Dataset items
········

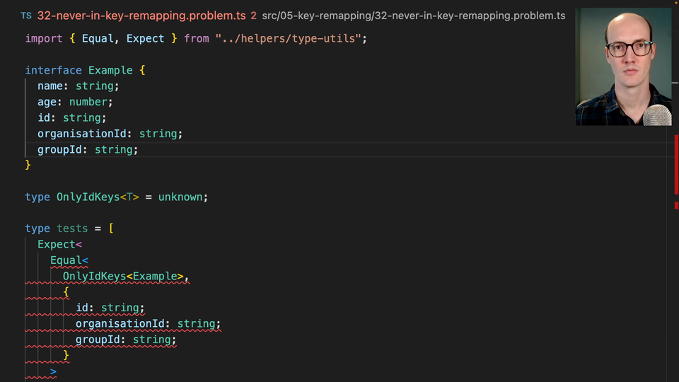 0:00 In this exercise, we have an example object here with a bunch of keys in. Several of them have keys which contain IDs. We want to create a new object out of that using this type helper OnlyIdKeys to extract only the keys that contain an ID.
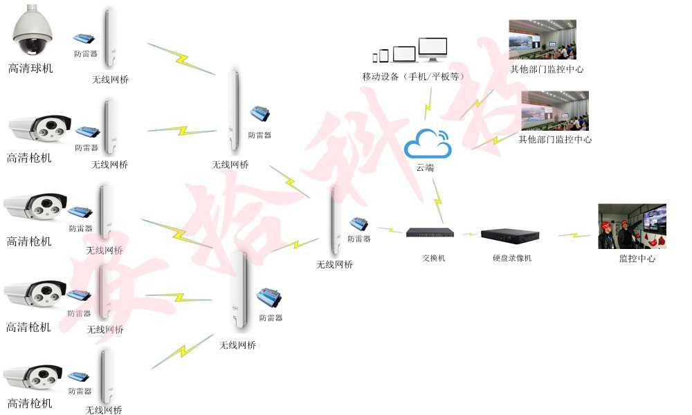 建筑工地工人宿舍人员集中复杂,也是偷盗事件等各种纠纷的高发区。工人宿舍安装无线高清视频监控系统,对宿舍重要区域进行监控,加强对工人的安保措施。宿舍无线监控系统主要负责工人宿舍外围、宿舍大门、宿舍通道等公共区域,采集出入人员、出入车辆、物资运送的高清视频图像信息。如图
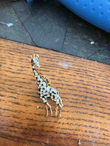 Rhinestone and Enamel Giraffe Figural Lapel Pin
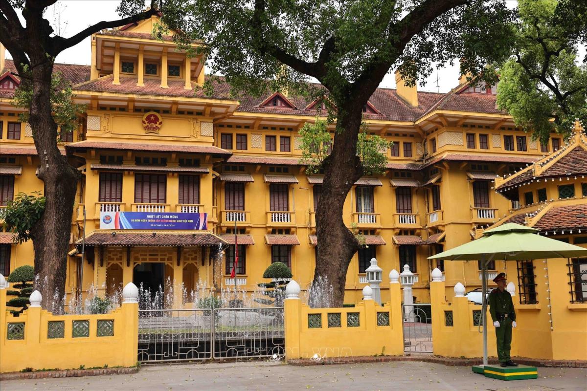 Treo cờ rủ tại Bộ Ngoại giao (4/4/2025). Ảnh: Minh Đức – TTXVN
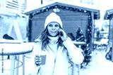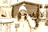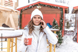 Beautiful girl in the winter in city on a holiday, calls on the phone. Happy smiling in her hands a cup of coffee with tea. Against the backdrop of snow-covered cafe.
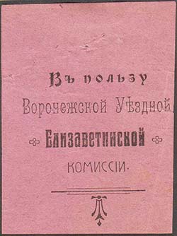 1915(?) г. Разм. 65 х 49 мм. Одноцветная печать на розовой бумаге. В центре текст в четыре строки: «В пользу Воронежской Уездной Елизаветинской комиссии». По бокам и внизу декоративные элементы.
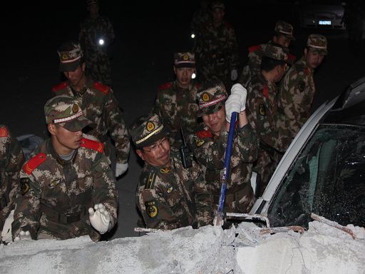 地震發(fā)生當天,武警甘孜州森林支隊滿服役期的士兵已經摘下警銜,等待宣布退伍命令。突如其來的災難讓157名滿服役期戰(zhàn)士按捺不住焦急的心情,他們紛紛請纓,再穿軍裝上一線。楊晨、翁小鵬是眾多滿服役期戰(zhàn)士中的一員。
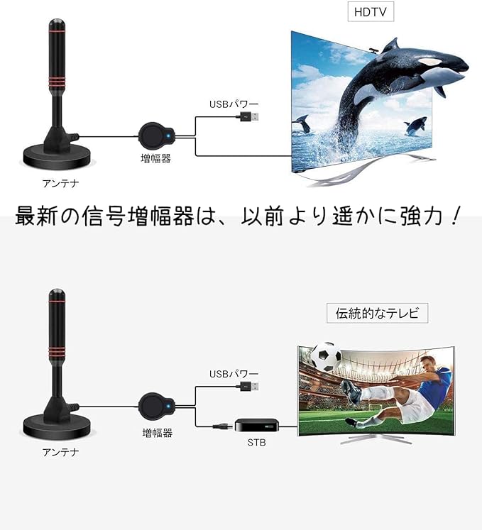 【受信チャンネル数が多い】高感度受信アンテナ、ブースター内蔵 アンテナ 、テレビブースター、利得性能の高さから、他社の製品に比べてアンテナの受信強度が格段に高いため、より鮮明な画像を出力することができます。 映画を楽しみたい方には、とくに画面の結像の質は重要ですので、ご利用になった方には大変喜ばれています。 地形や中継局までの距離などで受信強度に差が出てくることがあります。
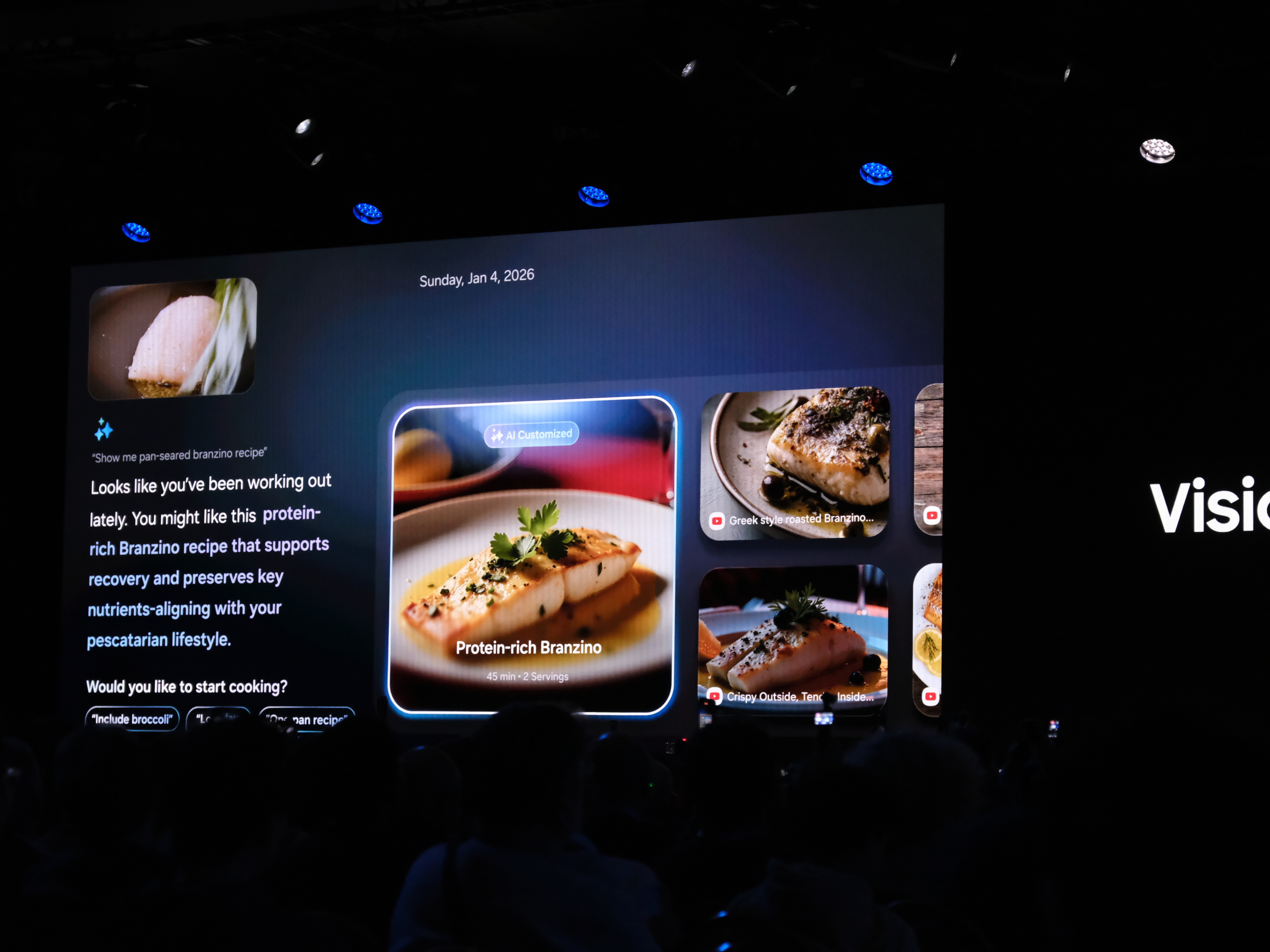 核となるのは、Samsungのスマートホームプラットフォーム基盤であるSmart Thingsを軸としたマルチデバイス連携と、on-device AI(端末内AI)とcloud AI(クラウドAI)の併用による分散型の知能設計であるという。テレビでは「Vision AI Companion」を通じて、AIドリブンな視聴体験を実現。テレビで見た料理のレシピを生成AIが提案して冷蔵庫へ送信できるほか、料理動画がレシピの手順書に変換(生成)される様子が紹介された。
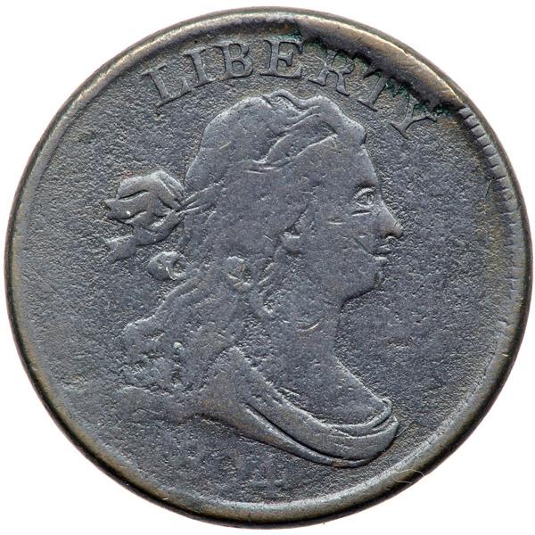 1804 C-2 R6 G6. Sharpness F12 but covered with fine uniform granularity. No verdigris or notable marks. Slightly glossy very dark steel brown with traces of lighter brown and chocolate toning in protected areas on the reverse. Struck with the dies not in perfect parallel alignment, as always for this variety. The result is a relatively weak strike on the lower left quadrant of the obverse and the opposing area at TED-ST. The date is weak but complete and easily readable and the legends are complete as well in spite of the usual weakness at TED-ST. Extremely rare LDS, Manley state 3.0, with the strong cud break over ERTY. At least a third of the known examples of this rare variety have the cud break, but that's still a small population. Tied for CC#8 in the Spurlock census, independent of the die state. The reverse is rotated 20 degrees CW. Davy #04.2.4.

········

# Task to complete
Set down all the lines above exactly as they appear, with no pictures.

# Exercise answer
 0:00 In this exercise, we have an example object here with a bunch of keys in. Several of them have keys which contain IDs. We want to create a new object out of that using this type helper OnlyIdKeys to extract only the keys that contain an ID.
 建筑工地工人宿舍人员集中复杂,也是偷盗事件等各种纠纷的高发区。工人宿舍安装无线高清视频监控系统,对宿舍重要区域进行监控,加强对工人的安保措施。宿舍无线监控系统主要负责工人宿舍外围、宿舍大门、宿舍通道等公共区域,采集出入人员、出入车辆、物资运送的高清视频图像信息。如图
 Rhinestone and Enamel Giraffe Figural Lapel Pin
 Treo cờ rủ tại Bộ Ngoại giao (4/4/2025). Ảnh: Minh Đức – TTXVN
 Beautiful girl in the winter in city on a holiday, calls on the phone. Happy smiling in her hands a cup of coffee with tea. Against the backdrop of snow-covered cafe.
 1915(?) г. Разм. 65 х 49 мм. Одноцветная печать на розовой бумаге. В центре текст в четыре строки: «В пользу Воронежской Уездной Елизаветинской комиссии». По бокам и внизу декоративные элементы.
 地震發(fā)生當天,武警甘孜州森林支隊滿服役期的士兵已經摘下警銜,等待宣布退伍命令。突如其來的災難讓157名滿服役期戰(zhàn)士按捺不住焦急的心情,他們紛紛請纓,再穿軍裝上一線。楊晨、翁小鵬是眾多滿服役期戰(zhàn)士中的一員。
 【受信チャンネル数が多い】高感度受信アンテナ、ブースター内蔵 アンテナ 、テレビブースター、利得性能の高さから、他社の製品に比べてアンテナの受信強度が格段に高いため、より鮮明な画像を出力することができます。 映画を楽しみたい方には、とくに画面の結像の質は重要ですので、ご利用になった方には大変喜ばれています。 地形や中継局までの距離などで受信強度に差が出てくることがあります。
 核となるのは、Samsungのスマートホームプラットフォーム基盤であるSmart Thingsを軸としたマルチデバイス連携と、on-device AI(端末内AI)とcloud AI(クラウドAI)の併用による分散型の知能設計であるという。テレビでは「Vision AI Companion」を通じて、AIドリブンな視聴体験を実現。テレビで見た料理のレシピを生成AIが提案して冷蔵庫へ送信できるほか、料理動画がレシピの手順書に変換(生成)される様子が紹介された。
 1804 C-2 R6 G6. Sharpness F12 but covered with fine uniform granularity. No verdigris or notable marks. Slightly glossy very dark steel brown with traces of lighter brown and chocolate toning in protected areas on the reverse. Struck with the dies not in perfect parallel alignment, as always for this variety. The result is a relatively weak strike on the lower left quadrant of the obverse and the opposing area at TED-ST. The date is weak but complete and easily readable and the legends are complete as well in spite of the usual weakness at TED-ST. Extremely rare LDS, Manley state 3.0, with the strong cud break over ERTY. At least a third of the known examples of this rare variety have the cud break, but that's still a small population. Tied for CC#8 in the Spurlock census, independent of the die state. The reverse is rotated 20 degrees CW. Davy #04.2.4.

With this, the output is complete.